TASK GOAL
Write out the listing exactly, dropping any picture it contains.

-- RECORDS FOR THIS TASK follows --

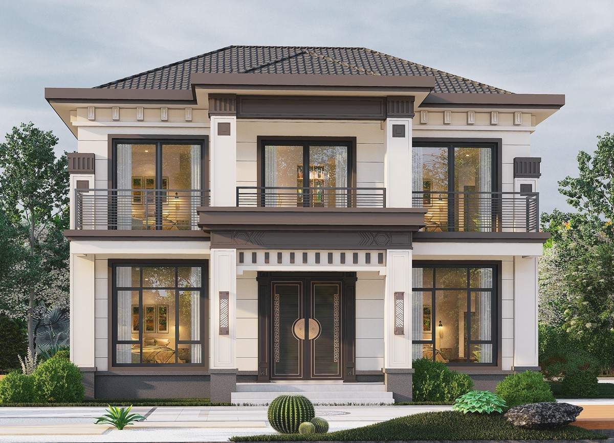 绍兴011 两层新中式(15.43x12.66米)-【易设计】
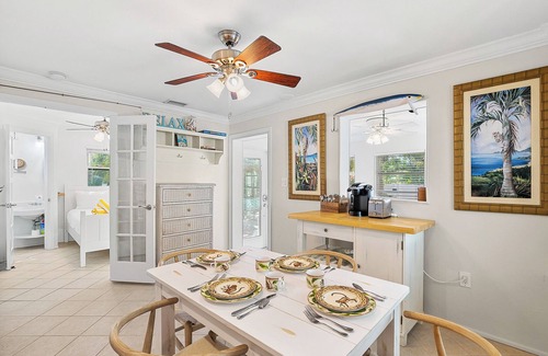 Anna Cabana Bungalow #1 delivers what couples want most: a romantic, affordable beach retreat in the perfect Holmes Beach location. You're 100 yards from the Gulf, steps from Publix and restaurants, and surrounded by tropical privacy. The completely renovated 1950s bungalow offers modern comfort in an authentic Old Florida setting that guests return to year after year.
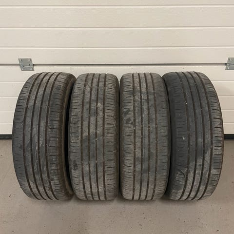 Jeg vil sælge Continental-dæk i god stand. Jeg har et sæt fra 2022 og et sæt fra 2018, begge med 5 millimeter mønsterdybde. Der er to sæt fra 2022 og to sæt fra 2018.
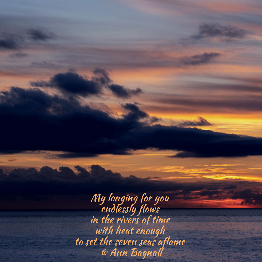 May 26, 2025February 28, 2025 My longing for you endlessly flows in the rivers of time with heat enough to set the seven seas aflame © Ann Bagnall Share this: Click to email a link to a friend (Opens in new window) Email Tweet Click to print (Opens in new window) Print Like Loading... Related
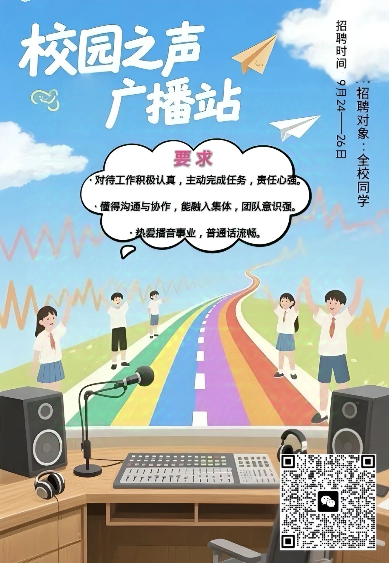 一段声音,能温暖整个校园;一份热爱,能点亮青春旅程!“校园之声”广播站招新等你赴约,不管你想尝试播音、主持还是编稿,快来报名,让我们并肩开启声音新旅程!
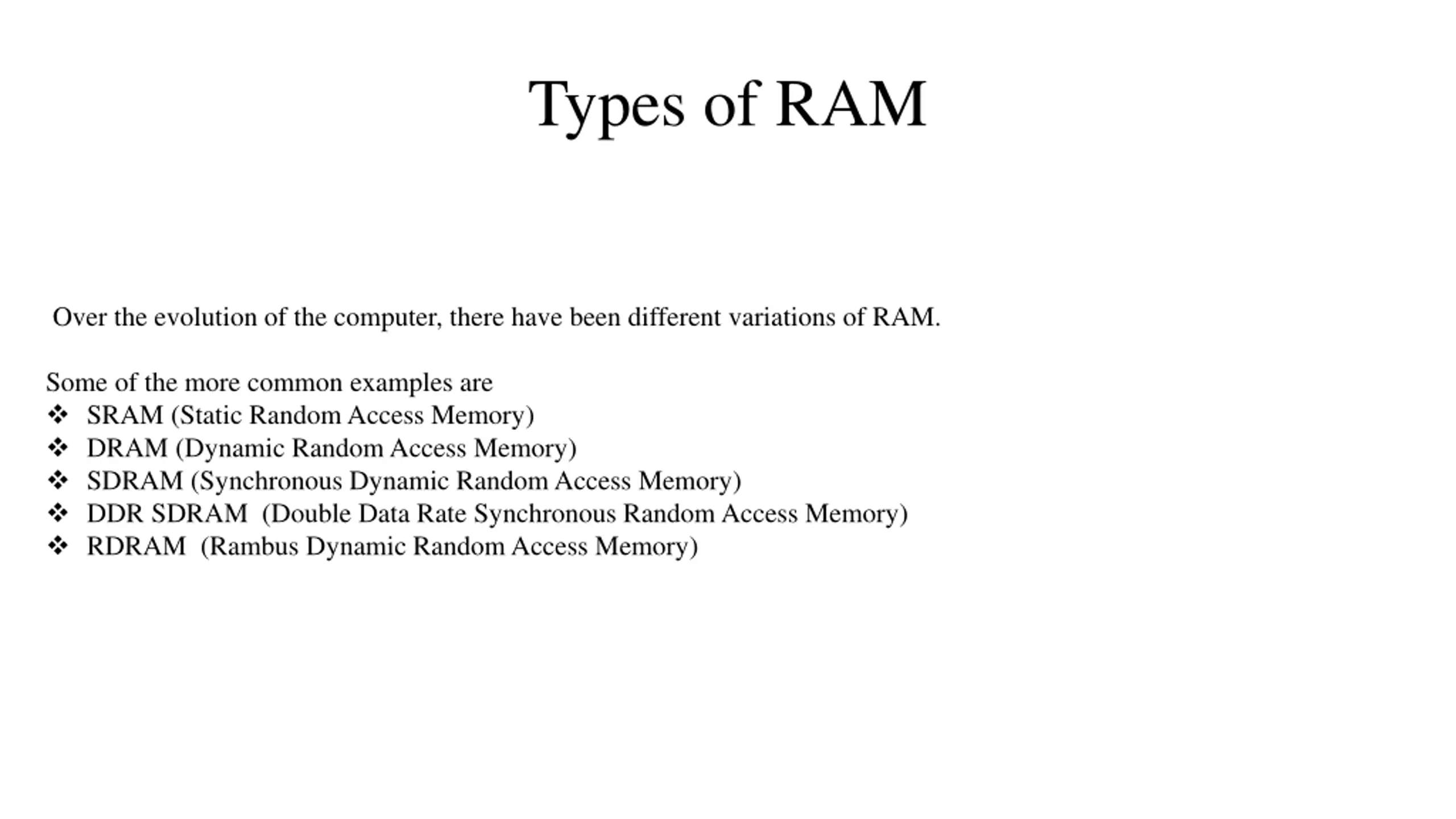Types of RAM Over the evolution of the computer, there have been different variations of RAM. Some of the more common examples are SRAM (Static Random Access Memory) DRAM (Dynamic Random Access Memory) SDRAM (Synchronous Dynamic Random Access Memory) DDR SDRAM (Double Data Rate Synchronous Random Access Memory) RDRAM (Rambus Dynamic Random Access Memory)
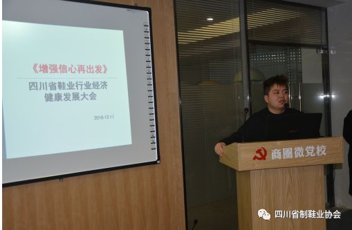 2018年12月11日下午,为了贯彻省市政府文件精神,四川省鞋业协会《增强信心再出发》 四川鞋业行业经济健康发展大会,在中国女鞋之都展览展示中心三楼党建会议室隆重召开,近150位行业同仁共同学习宣传各级政府的会议政策精神,以便很好的贯彻到我们行业的生产经营中,会议由四川省鞋业协会秘书长贾燕茹主持。
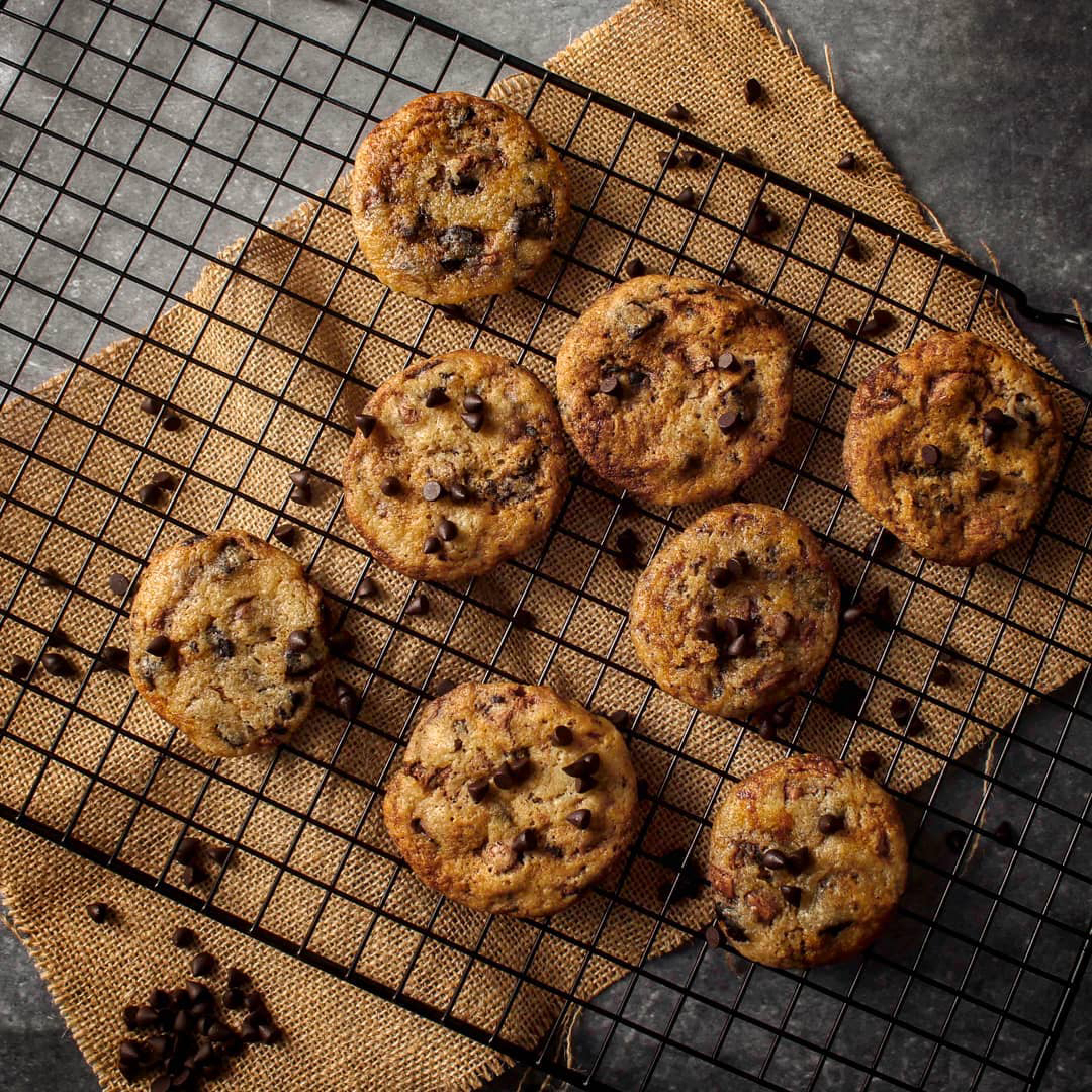 3. Von der Masse mit einem Eisportionierer oder Löffel 6-8 Kugeln abstechen, mit ausreichend Abstand zueinander auf das Backblech setzen und flach drücken. Die Cookies im Ofen 12-13 Minuten backen, bis die Ränder leicht bräunen. Herausnehmen und auf dem Blech vollständig auskühlen lassen.
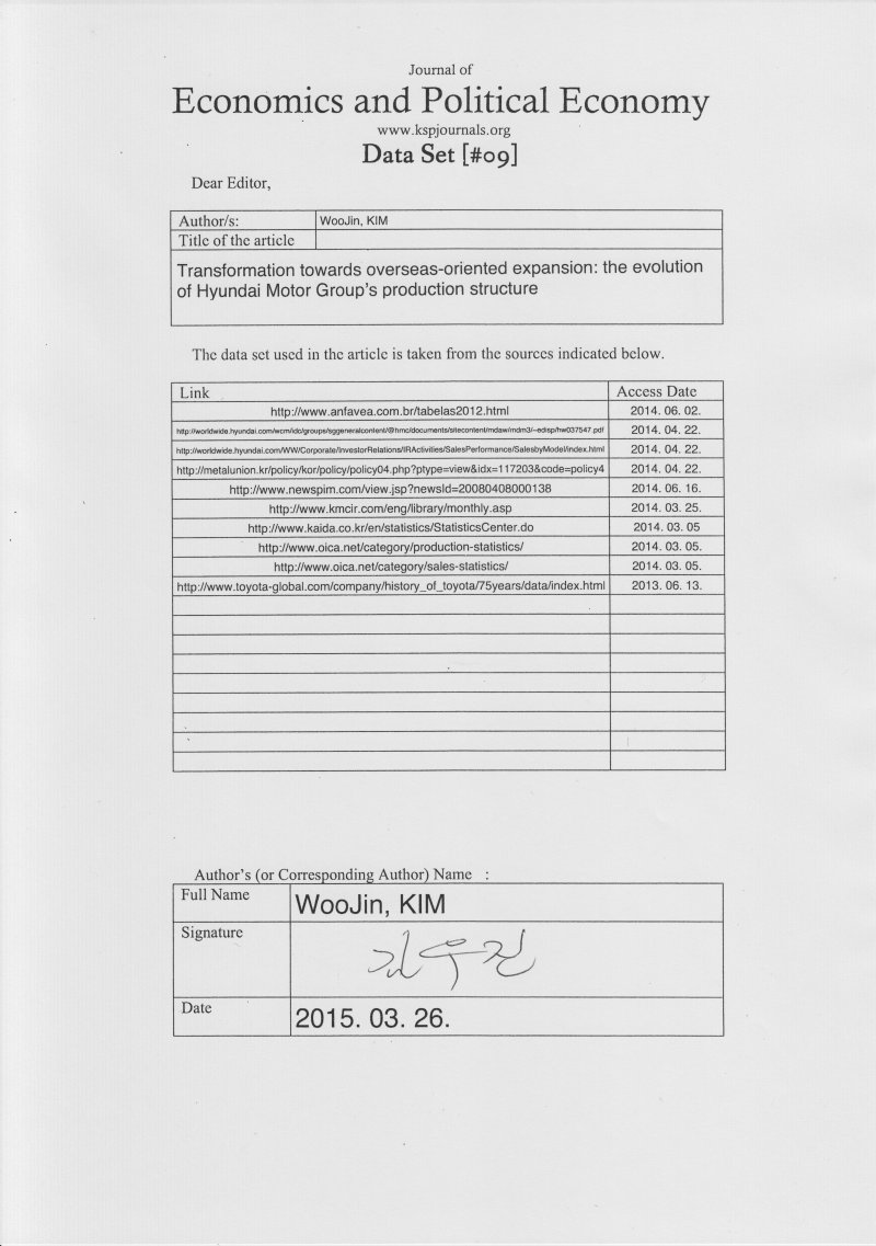 Jung, M.K. (2011). The global production strategy of the world’s leading automakers(in Korean).(KMWU Research Center Working paper).Seoul, Korea: Korean Metal Workers' UnionResearch Center. Retrieved June 16, 2014, fromhttp://metalunion.kr/policy/kor/policy/policy04.php?ptype=view&idx=117203&code=policy4
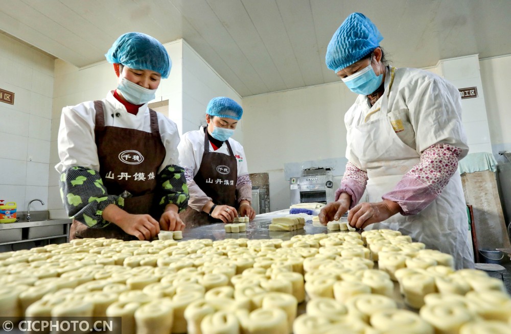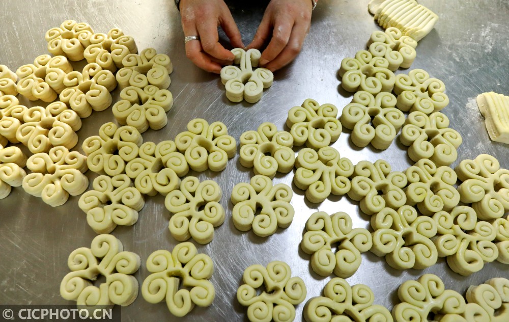 ↑2021年2月1日,甘肃省张掖市山丹县山丹馍馍制作车间,工作人员将面饼翻出图案花状。CICPHOTO/王将 摄
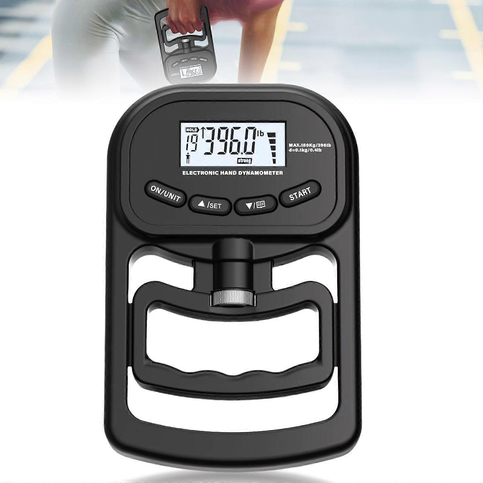 - Digital Hand Grip Strength Tester: Equipped with a high-precision strain gauge sensor, this device provides accurate, instant digital readings of grip strength. Maximum measurement capacity is 396 lbs (180 kg) with a resolution of 0.2 lbs (0.1 kg). - Easy Readability and USB Rechargeable: The improved bright display allows for clear visibility of measurements, even in low-light conditions. Displayed information includes user code, gender, grip strength value (in lbs or kg), and grip status. The device can be conveniently charged via USB, promoting eco-friendliness, and can also use standard AAA batteries (not included). - User-Friendly Operation: Simply turn on the Digital Hand Grip Strength Tester and press start to measure. Apply maximum isometric force for at least 5 seconds. The LCD will automatically show the peak grip strength, with a status bar indicating "weak," "normal," or "strong" based on user data such as age and gender. - Versatile Applications: Ideal for sports training, home use, and clinical settings. Grip strength assessments are essential for activities like rock climbing. This hand dynamometer is perfect for physiotherapists, occupational therapists, sports trainers, chiropractors, and general practitioners. - Durable and Compact Design: The device's robust construction ensures long-lasting performance, while its compact size makes it easy to store and transport, fitting seamlessly into any training or clinical environment. This Digital Hand Grip Strength Tester is essential for anyone looking to monitor and improve their grip strength effectively.

-- RECORDS FOR THIS TASK concluded --

SOLVED EXERCISE
 绍兴011 两层新中式(15.43x12.66米)-【易设计】
 Anna Cabana Bungalow #1 delivers what couples want most: a romantic, affordable beach retreat in the perfect Holmes Beach location. You're 100 yards from the Gulf, steps from Publix and restaurants, and surrounded by tropical privacy. The completely renovated 1950s bungalow offers modern comfort in an authentic Old Florida setting that guests return to year after year.
 Jeg vil sælge Continental-dæk i god stand. Jeg har et sæt fra 2022 og et sæt fra 2018, begge med 5 millimeter mønsterdybde. Der er to sæt fra 2022 og to sæt fra 2018.
 May 26, 2025February 28, 2025 My longing for you endlessly flows in the rivers of time with heat enough to set the seven seas aflame © Ann Bagnall Share this: Click to email a link to a friend (Opens in new window) Email Tweet Click to print (Opens in new window) Print Like Loading... Related
 一段声音,能温暖整个校园;一份热爱,能点亮青春旅程!“校园之声”广播站招新等你赴约,不管你想尝试播音、主持还是编稿,快来报名,让我们并肩开启声音新旅程!
Types of RAM Over the evolution of the computer, there have been different variations of RAM. Some of the more common examples are SRAM (Static Random Access Memory) DRAM (Dynamic Random Access Memory) SDRAM (Synchronous Dynamic Random Access Memory) DDR SDRAM (Double Data Rate Synchronous Random Access Memory) RDRAM (Rambus Dynamic Random Access Memory)
 2018年12月11日下午,为了贯彻省市政府文件精神,四川省鞋业协会《增强信心再出发》 四川鞋业行业经济健康发展大会,在中国女鞋之都展览展示中心三楼党建会议室隆重召开,近150位行业同仁共同学习宣传各级政府的会议政策精神,以便很好的贯彻到我们行业的生产经营中,会议由四川省鞋业协会秘书长贾燕茹主持。
 3. Von der Masse mit einem Eisportionierer oder Löffel 6-8 Kugeln abstechen, mit ausreichend Abstand zueinander auf das Backblech setzen und flach drücken. Die Cookies im Ofen 12-13 Minuten backen, bis die Ränder leicht bräunen. Herausnehmen und auf dem Blech vollständig auskühlen lassen.
 Jung, M.K. (2011). The global production strategy of the world’s leading automakers(in Korean).(KMWU Research Center Working paper).Seoul, Korea: Korean Metal Workers' UnionResearch Center. Retrieved June 16, 2014, fromhttp://metalunion.kr/policy/kor/policy/policy04.php?ptype=view&idx=117203&code=policy4
 ↑2021年2月1日,甘肃省张掖市山丹县山丹馍馍制作车间,工作人员将面饼翻出图案花状。CICPHOTO/王将 摄
 - Digital Hand Grip Strength Tester: Equipped with a high-precision strain gauge sensor, this device provides accurate, instant digital readings of grip strength. Maximum measurement capacity is 396 lbs (180 kg) with a resolution of 0.2 lbs (0.1 kg). - Easy Readability and USB Rechargeable: The improved bright display allows for clear visibility of measurements, even in low-light conditions. Displayed information includes user code, gender, grip strength value (in lbs or kg), and grip status. The device can be conveniently charged via USB, promoting eco-friendliness, and can also use standard AAA batteries (not included). - User-Friendly Operation: Simply turn on the Digital Hand Grip Strength Tester and press start to measure. Apply maximum isometric force for at least 5 seconds. The LCD will automatically show the peak grip strength, with a status bar indicating "weak," "normal," or "strong" based on user data such as age and gender. - Versatile Applications: Ideal for sports training, home use, and clinical settings. Grip strength assessments are essential for activities like rock climbing. This hand dynamometer is perfect for physiotherapists, occupational therapists, sports trainers, chiropractors, and general practitioners. - Durable and Compact Design: The device's robust construction ensures long-lasting performance, while its compact size makes it easy to store and transport, fitting seamlessly into any training or clinical environment. This Digital Hand Grip Strength Tester is essential for anyone looking to monitor and improve their grip strength effectively.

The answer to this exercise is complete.